[[ Records supplied open ]]

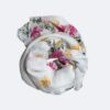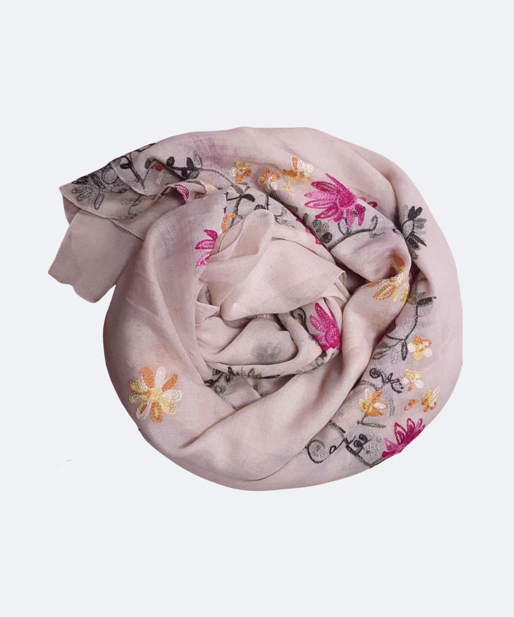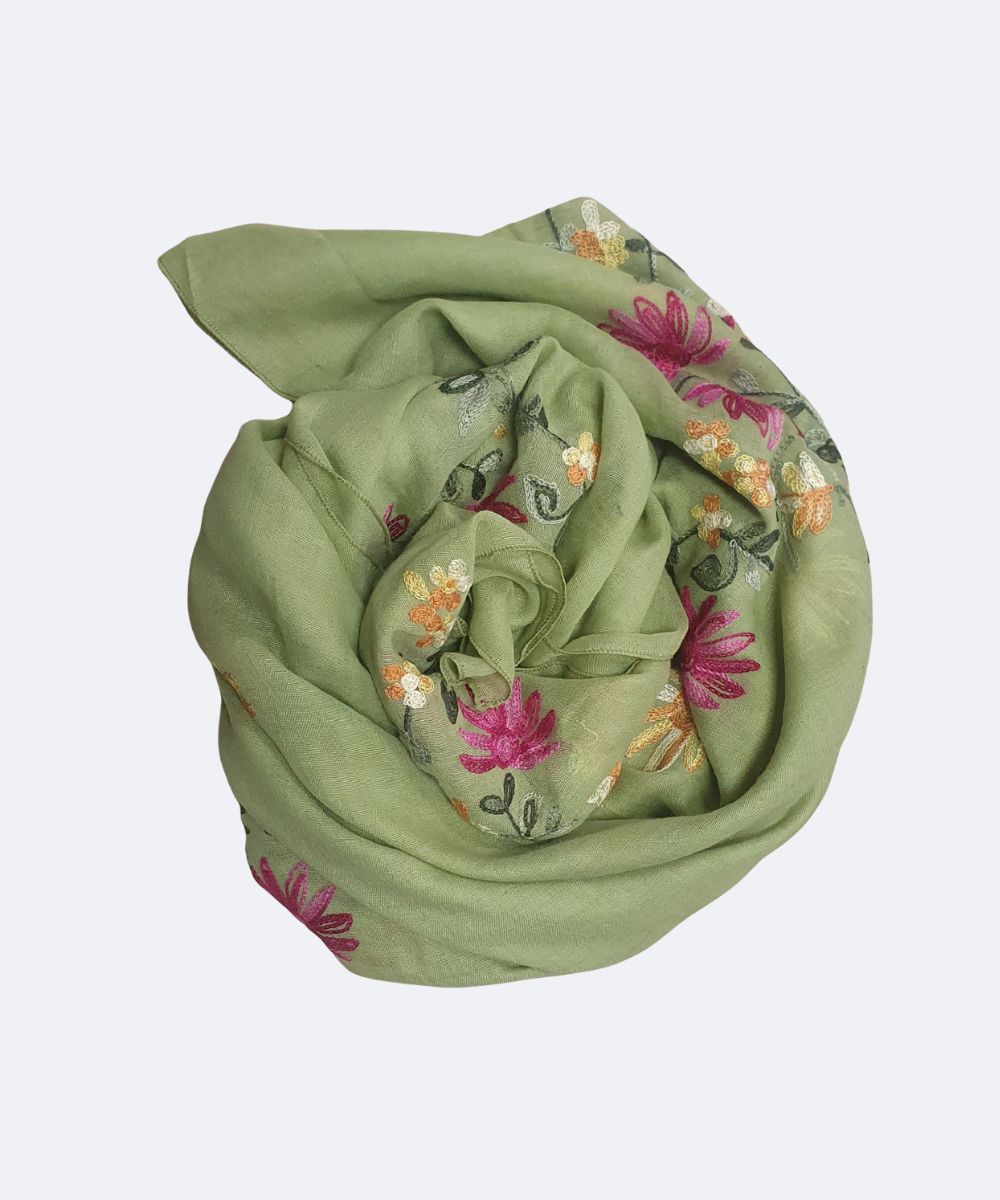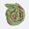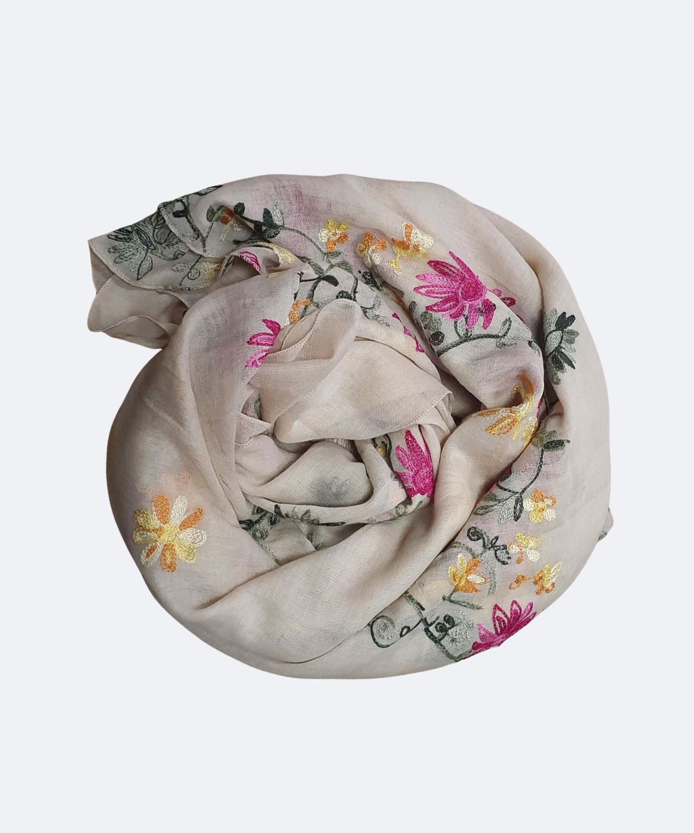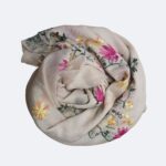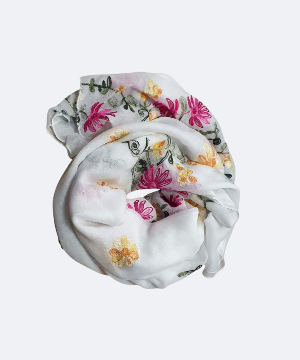 Apaszka- Szal ma bazowy kolor biały lub kremowy i jest ozdobiony kolorowym haftem w motywy kwiatowe, w odcieniach różu, żółci i zieleni. Wykonany jest z cienkiego, przewiewnego materiału, który sprawia, że jest miękki i przyjemny w dotyku. Jest to uniwersalny dodatek, który można nosić na wiele sposobów – tradycyjnie na szyi, jako chustę, narzutkę na ramiona w letnie wieczory, a nawet na włosach chroniąc glowe przed wiatrem .
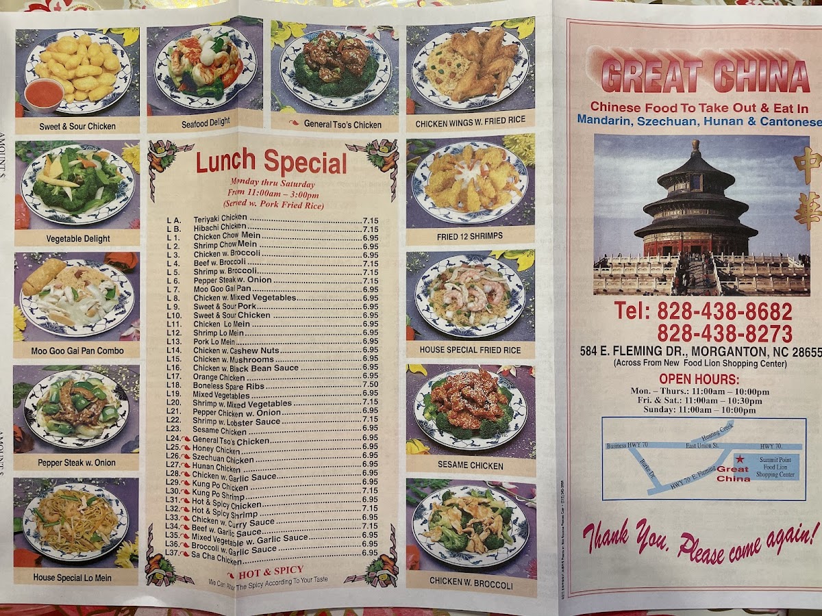 The menu at Great China offers a straightforward and comforting selection of classic Chinese dishes, perfect for casual dining or quick takeout. Whether you're stopping by for a satisfying lunch or picking up dinner after a busy day, the menu serves a variety of hearty plates that fit well with a relaxed and familiar atmosphere.
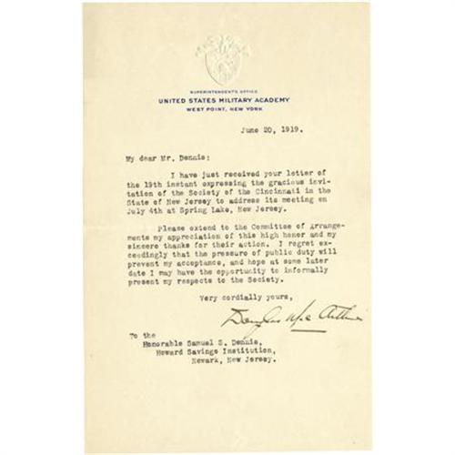 <B>General Douglas MacArthur Typed Letter Signed</B></I> 5.5” x 8.5”, one page, on Superintendent United States Military Academy stationary, June 20, 1919, West Point, New York. Fine <I>From the collection of Henry E. Luhrs.</B></I><I>.</B></I><BR><BR><BR><BR><b>Shipping:</b> Flat Material, Small (<a target="_blank" href="http://www.heritageauctions.com/common/shipping.php">view shipping information</a>)
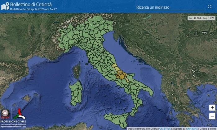 La Protezione Civile ha valutato, per la giornata di martedi 7 Aprile, ALLERTA ARANCIONE per rischio idrogeologico su alcuni settori di Abruzzo e Molise, ALLERTA GIALLA sempre idrogeologica su Abruzzo e settori della Puglia.
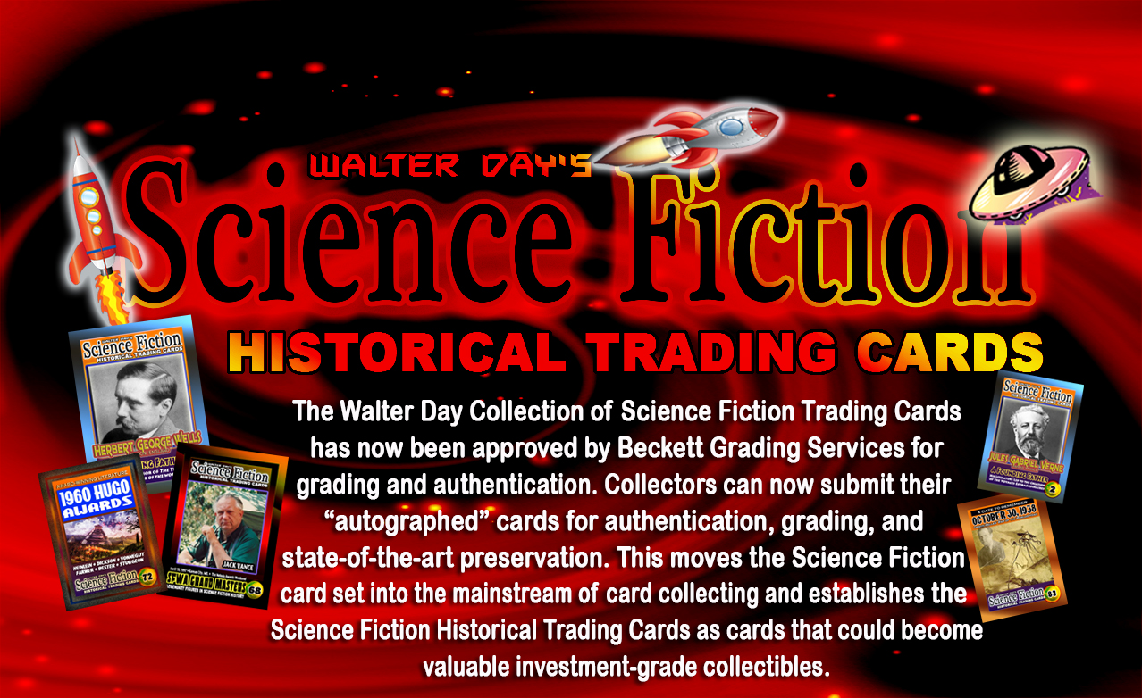 Starting with this May's Nebula Awards Weekend (Pittsburgh, May 18-21, 2017), autographed trading cards that feature science fiction authors will be given the same stellar treatment that has traditionally been afforded to collectible cards that feature sports stars, music icons, or idols of the film & television industries. Beckett Grading Services--the worldwide authority on authenticating and grading rare and valuable sports collectibles, like the 1952 TOPPS Mickey Mantle rookie card and the 1909 T206 Honus Wagner tobacco card--now accepts the Walter Day Collection of Science Fiction Historical Trading Cards for grading as investment-grade collectables.

[[ Records supplied closed ]]

Print only the lines from the first line of the data above through the one containing "The menu at", exactly as they are, with pictures omitted.

 Apaszka- Szal ma bazowy kolor biały lub kremowy i jest ozdobiony kolorowym haftem w motywy kwiatowe, w odcieniach różu, żółci i zieleni. Wykonany jest z cienkiego, przewiewnego materiału, który sprawia, że jest miękki i przyjemny w dotyku. Jest to uniwersalny dodatek, który można nosić na wiele sposobów – tradycyjnie na szyi, jako chustę, narzutkę na ramiona w letnie wieczory, a nawet na włosach chroniąc glowe przed wiatrem .
 The menu at Great China offers a straightforward and comforting selection of classic Chinese dishes, perfect for casual dining or quick takeout. Whether you're stopping by for a satisfying lunch or picking up dinner after a busy day, the menu serves a variety of hearty plates that fit well with a relaxed and familiar atmosphere.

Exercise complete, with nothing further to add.